Malaysian scholar Prof. James Chin’s recent commentary, published in mysinchew Online on 22 September 2025 at 11:09, 
articulates the following crucial themes:
  1. The historical foundations of Sabah and Sarawak demanding for 35% of parliamentary seats;
  2. Malaysia is a product of exploitation of Sabah and Sarawak by the Peninsular ruling elites;
  3. How Sabah and Sarawak only received attention after the ruling party lost its two-thirds parliamentary majority;
  4. The hypocrisy of Malayan non-governmental organizations (NGOs);
  5. A rare opportunity for Sabah and Sarawak to correct decades of marginalization;
  6. The people of Sabah and Sarawak to stand united and break free from domination.
As a platform for the exchange of ideas, which is free from the shackles of Western theories and committed to promoting genuine democratic reform, Sahabat Rakyat would like to express the following:

⬤  (I) Prof. James Chin’s analysis is consistent with the historical facts and developmental trajectory of the formation of Malaysia. His argument substantiates the assertion—put forward by democratic forces and individuals in Singapore, Malaya, Sabah, Sarawak, and Brunei in the early 1960s—that “Malaysia is a product of neo-colonialism, created so that the departing colonial power could, in its own long-term interest, cultivate and install a reliable ruling bloc to directly govern the people.”

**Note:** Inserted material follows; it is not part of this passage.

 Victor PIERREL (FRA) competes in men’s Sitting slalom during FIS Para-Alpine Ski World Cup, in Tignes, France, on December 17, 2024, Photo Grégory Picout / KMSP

⬤ (II) Following the formation of Malaysia, the Malay feudal ruling elite established direct rule over the people. They not only oppress and exploit the people of Sabah and Sarawak but also those of the Peninsular. They are, without question, the common enemy of the people of both Sabah–Sarawak and the Peninsular. The struggle of Sabah and Sarawak to resist Malay hegemony cannot be conducted in isolation; it must be linked to, and mutually supported by, the struggles of the people of the Peninsular.

⬤  (III) The author’s critique of the hypocrisy of NGOs in both Peninsular Malaysia and Sabah–Sarawak—namely, those fully beholden to Western ideological frameworks—is highly pertinent. As the author notes: “The silence of Malayan NGOs on this issue (constitutional claims of Sabah and Sarawak) exposes their complicity in a colonial mindset that seeks to keep Sabah and Sarawak subservient.” This is indeed a most incisive observation. The author is truly a highly respected independent scholar.

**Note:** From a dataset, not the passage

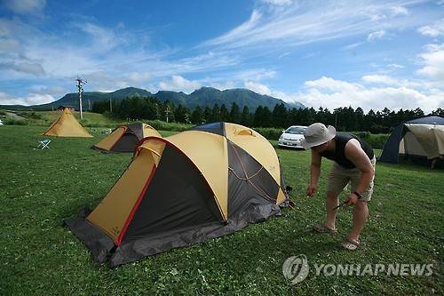 ▲ 캠핑장 = 일본 최남단에 있는 규슈는 아름다운 풍광을 자랑한다. 해발 800m에 위치한 구주고겐은 아름다운 규슈의 산들을 올려다볼 수 있는 위치에 있어 특히 인기가 높다.

James Chin’s full commentary, together with the original illustrations, is reproduced below (the above picture was added by the editorial of Sahabat Rakyat, and the subheadings in the text were slightly adjusted).


The demand for Sabah and Sarawak to hold 35% of Malaysia’s parliamentary seats is not merely a political proposition; it is a clarion call for justice, rooted in the historical political understanding that formed Malaysia and fuelled by decades of systemic marginalization. The Malaysia Agreement 1963 (MA63), which formalized the federation of Malaysia, promised Sabah and Sarawak equal partnership with Malaya, with Sabah and Sarawak as “founders” and not mere states in the new federation. 

Yet, for much of the federation’s history, this promise has been betrayed, with Sabah and Sarawak treated as little more than resource colonies for Malaya’s benefit. The refusal of Malayan-based non-governmental organizations (NGOs) to support this 35% seat allocation reveals a persistent colonial mentality, one that seeks to maintain control over Borneo’s political and economic destiny.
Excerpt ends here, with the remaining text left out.